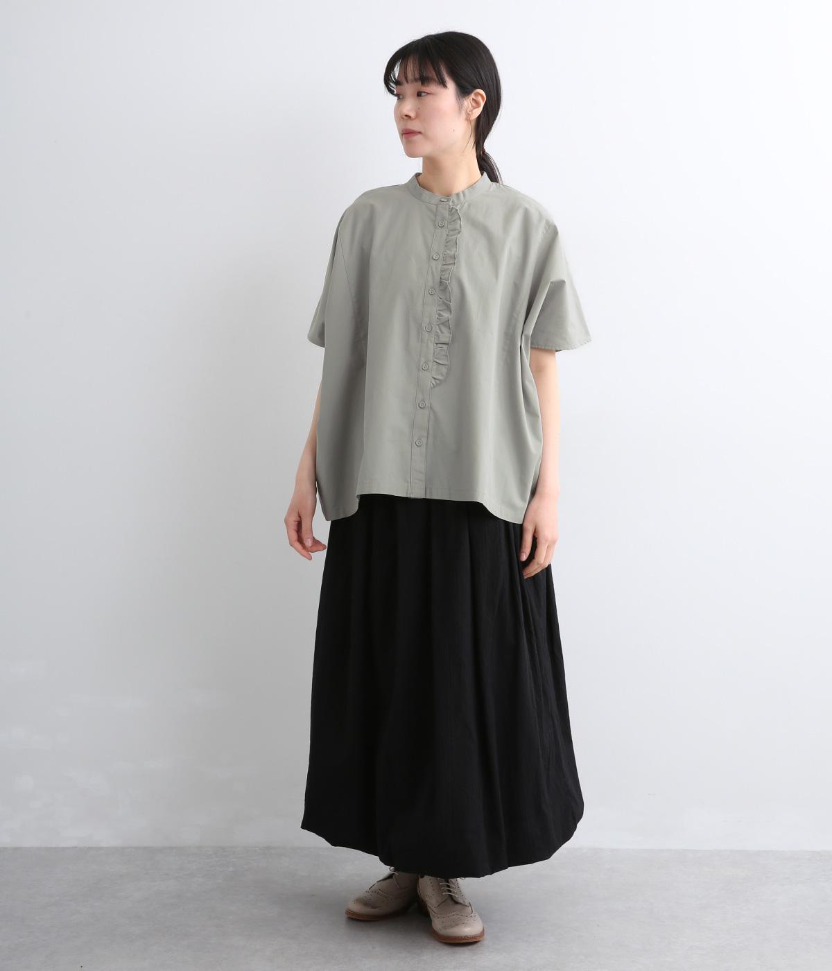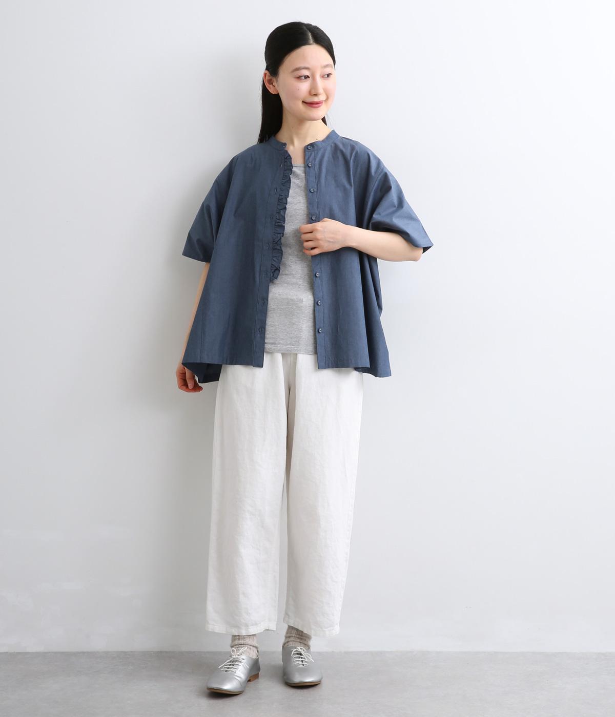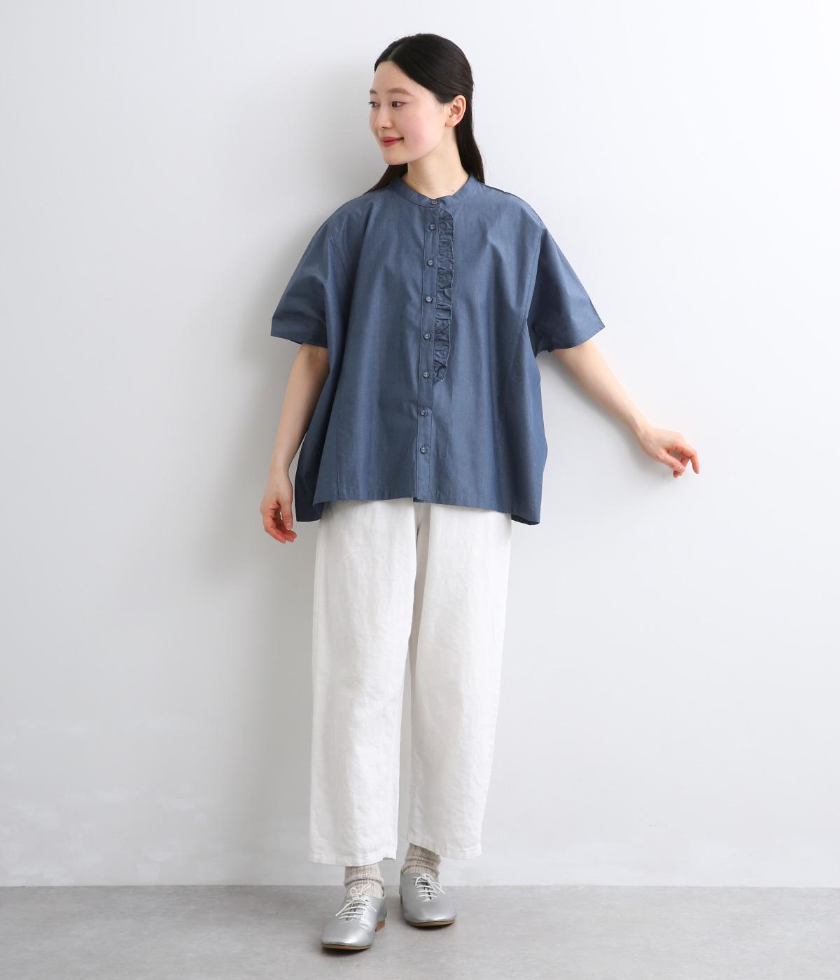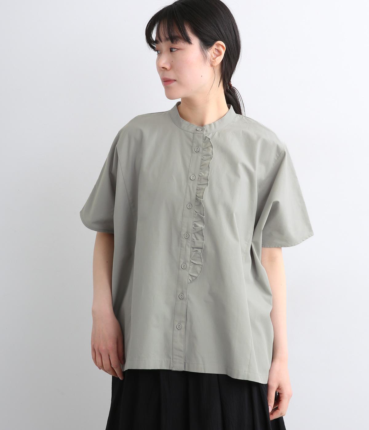 胸元のフリルがさりげない華やぎを添えるブラウス。体のラインを拾いにくいゆったりとしたシルエットで風が通り、暑い季節も心地よく着用できます。前後の縦切り替えがシルエットにほどよいアクセントを加えます。
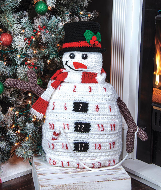 This adorable snowman will help you count down the days until Christmas! Kit includes Mary Maxim Starlette yarn. Requires crochet hook I-9 and polyfill. Size 24" tall.
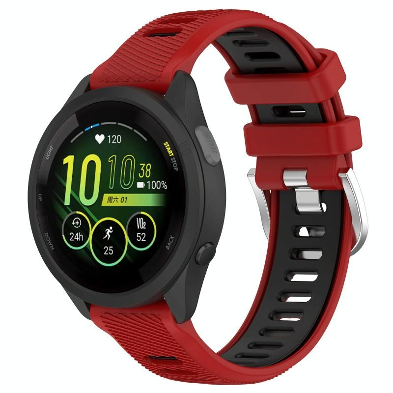Για Garmin Forerunner 265S 18mm Αθλητισμός Δύο χρώματα χάλυβα πόρπη σιλικόνης ρολόι μπάντα (κόκκινο + μαύρο)

- [PROMPT]: Transcribe the listing verbatim, pictures excluded.

- [RESPONSE BOX]:
 胸元のフリルがさりげない華やぎを添えるブラウス。体のラインを拾いにくいゆったりとしたシルエットで風が通り、暑い季節も心地よく着用できます。前後の縦切り替えがシルエットにほどよいアクセントを加えます。
 This adorable snowman will help you count down the days until Christmas! Kit includes Mary Maxim Starlette yarn. Requires crochet hook I-9 and polyfill. Size 24" tall.
Για Garmin Forerunner 265S 18mm Αθλητισμός Δύο χρώματα χάλυβα πόρπη σιλικόνης ρολόι μπάντα (κόκκινο + μαύρο)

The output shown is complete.